Assistant professor Themistoklis Sapsis and professor Alexander Slocum of the Department of Mechanical Engineering are designing a mechanical system for harvesting energy from such broadband sources that mimics the efficient and robust mechanism that governs energy transfers across different scales in turbulent flows. If successful, these mechanical analogues of turbulence could transform the way energy-harvesting systems are designed, yielding much higher conversion efficiencies than achieved in traditional configurations.
Public opinion and state energy policy: In recent years, many important developments in energy policy—including regulations limiting greenhouse gas emissions and increasing renewable energy production—have occurred at the state level. But little attention has been paid to the role of public opinion in the state energy policy process. To clarify that role, assistant professor Christopher Warshaw and professor Adam Berinsky of the Department of Political Science will measure public opinion on an array of state-level energy policies using existing data and original surveys. In addition, they will examine whether the public holds state-elected officials accountable for their energy policy decisions, and they will examine whether state policy outcomes are responsive to changes in public opinion. Their findings will provide new insights into the politics of energy policy in the United States.
Evaluating quantum dots as thermoelectric materials: Thermoelectric devices can convert waste heat from car engines, power plants, and other sources directly into electricity. The best thermoelectric materials incorporate performance-enhancing nanoscale features, but fabricating them generally requires expensive methods not cost-effective at scale. As an alternative, assistant professor William Tisdale of the Department of Chemical Engineering is evaluating the thermoelectric performance capabilities of colloidal quantum dots (QDs), nanoscale semiconductor crystals whose electronic structure and behavior are defined by particle size and shape. By using novel laboratory techniques to synthesize QD materials, Tisdale will examine how surface chemistry and crystal packing affect charge and heat transport in colloidal QD materials—an understanding that will make possible enhanced thermoelectric performance and the optimization of inexpensive solution-based processes for fabrication of large-area energy conversion devices.
Time-dependent climate impacts of natural gas deployment: Fuels emit a variety of greenhouse gases during their life cycles, and those gases have different radiative efficiencies and removal rates.
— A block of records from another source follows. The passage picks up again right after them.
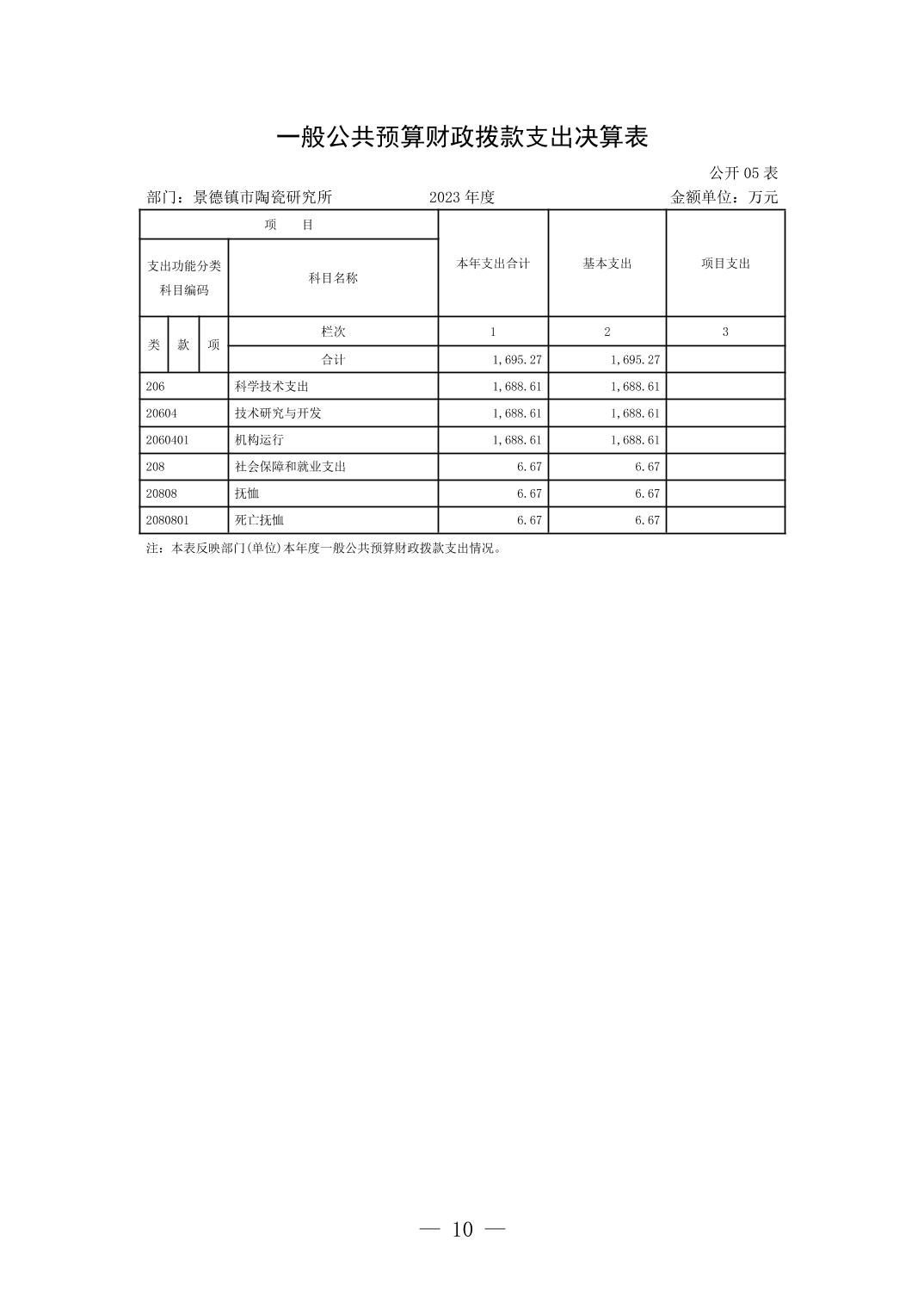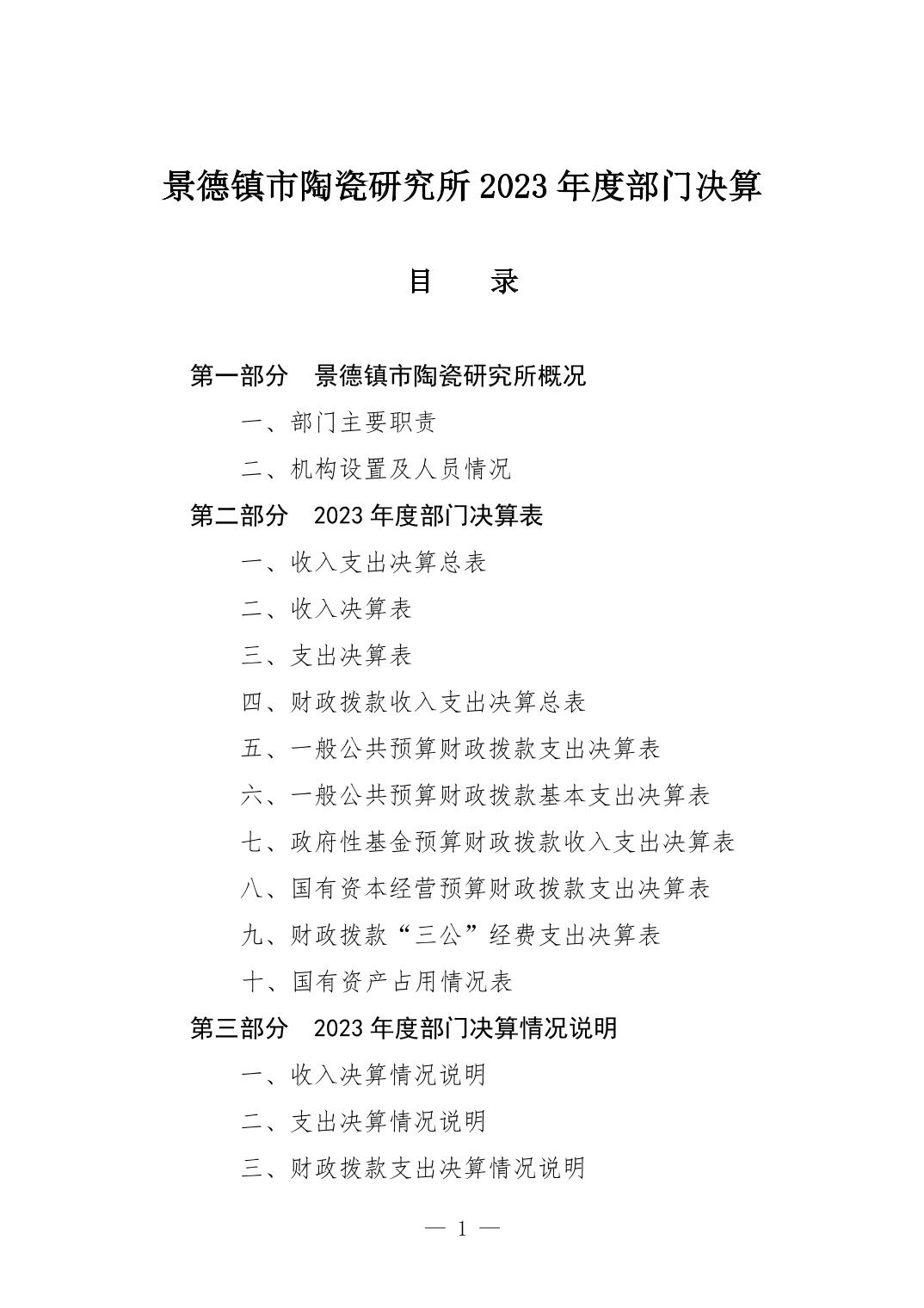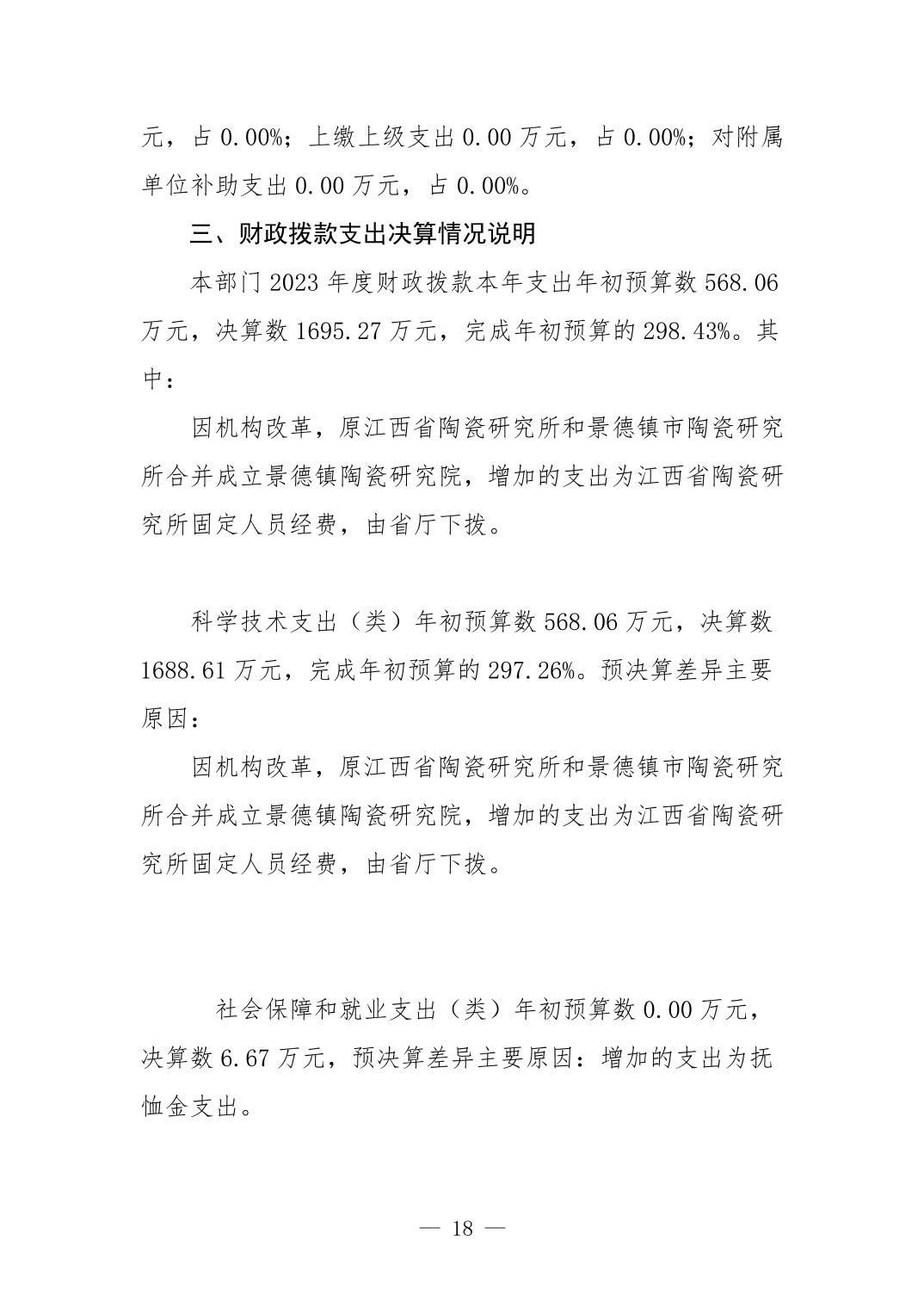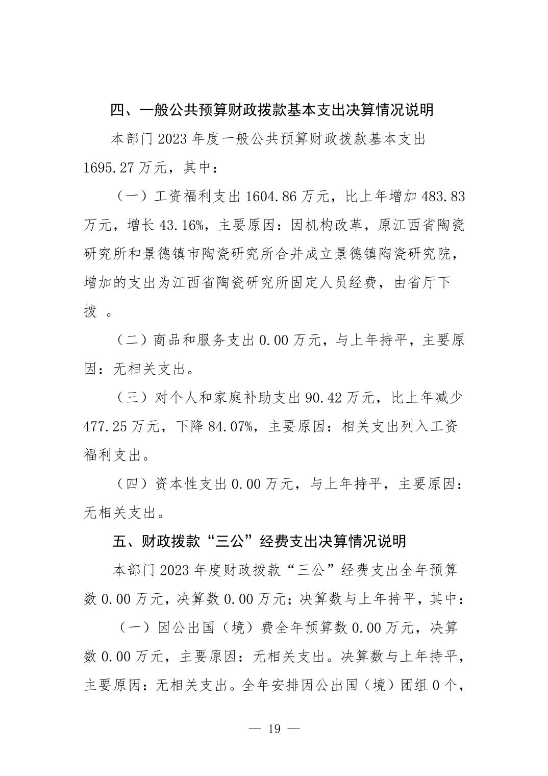 景德镇市陶瓷研究所2023年部门决算公开
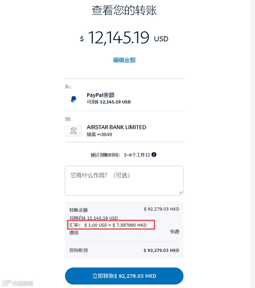 你看,汇率足足少了0.3几,这个钱太多了~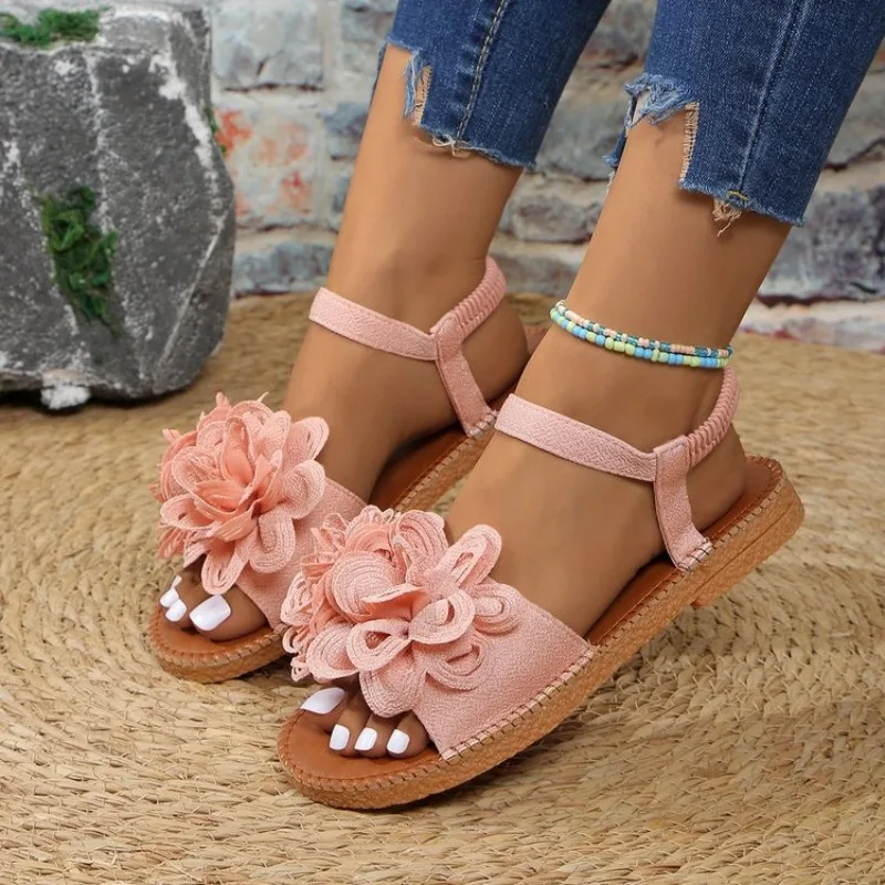 Women's White Floral Flat Sandals Elastic Ankle Strap Open Toe Summer Beach Casual Shoes Ladies Bohemian Comfort Footwear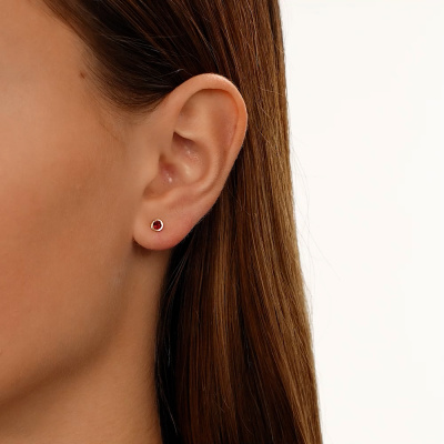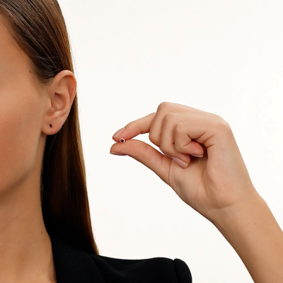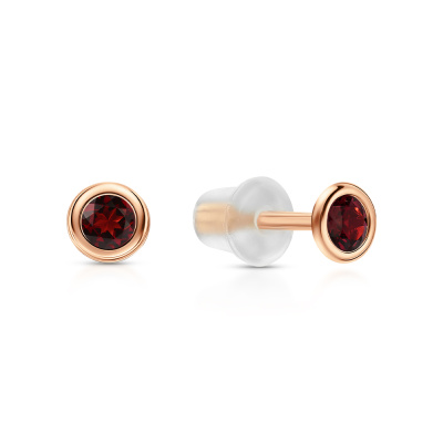 Серьги с 2 гранатами природными, 0.26 карат; Розовое золото 585 пробы.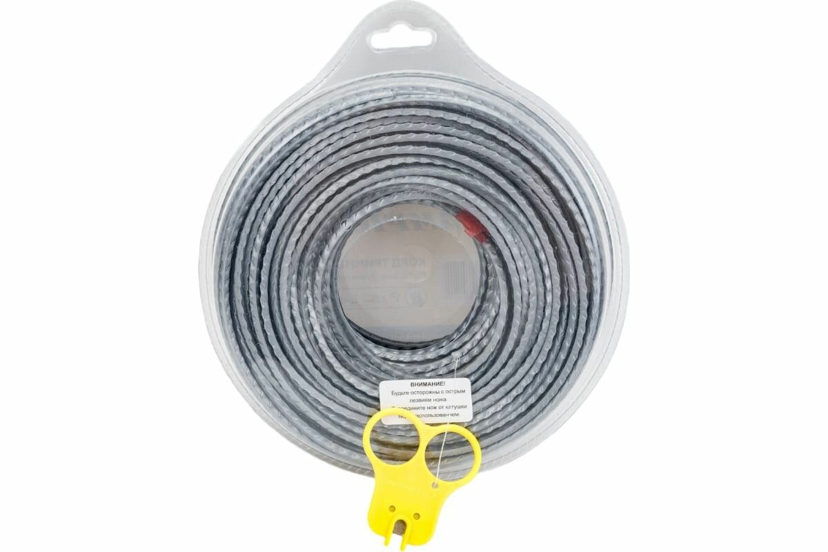 Корд триммерный CHAMPION 3 мм, витой квадрат. Леска для триммера Magic. Струна для косы или газонокосилки в мотке + нож. C7043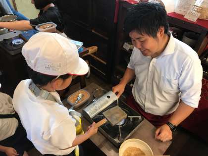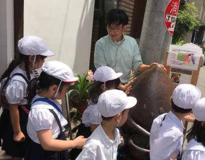 町たんけんで和田萬商店に行きました。まず、お店の方から、お店の歴史やごまのお話を聞かせていただきました。その後、実際にごまを炒ったり、擦ったりさせていただきました。こうばしい良い匂いがお店の中に広がりました。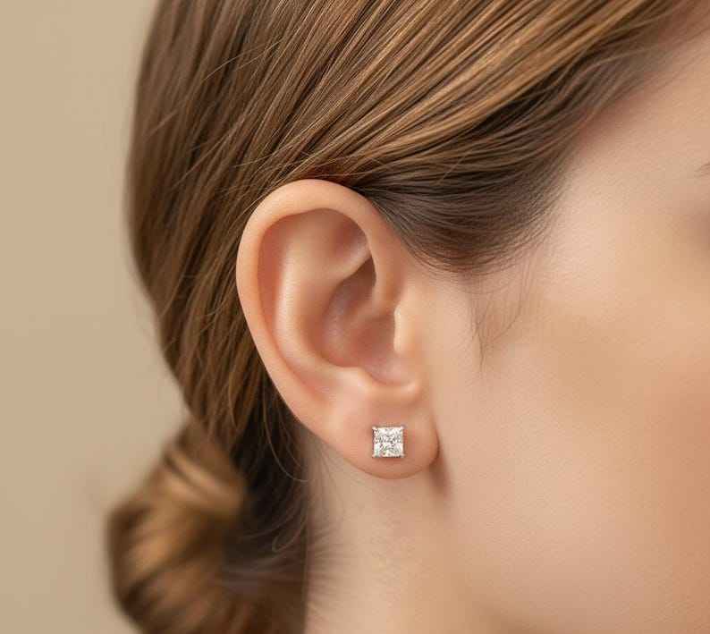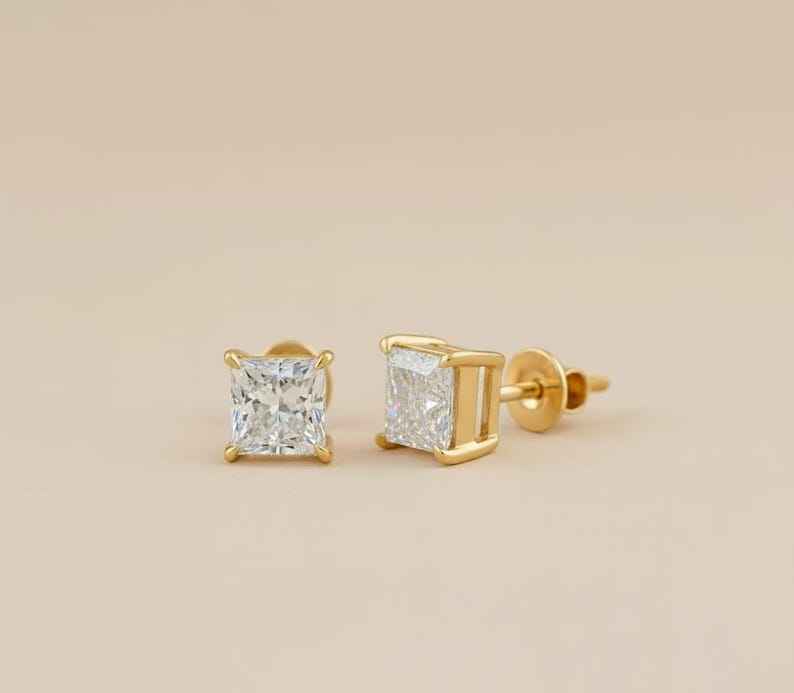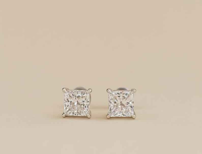 Conception: Boucles d'oreilles solitaires avec diamant taille princesse

As a result of those variations and a changing climate, the impact of a technology depends on its time of use—dynamics that are not reflected in static climate metrics such as the global warming potential.
Assistant professor Jessika Trancik of the Engineering Systems Division is developing and testing new, dynamic metrics that can better assess the climate impacts of natural gas and other fuels with significant life-cycle methane emissions. With an initial focus on natural gas deployment in the electricity and transportation sectors, she will then use those metrics to inform the optimization of technology portfolios that allow for maximum energy consumption while meeting climate targets and performance standards imposed by policy.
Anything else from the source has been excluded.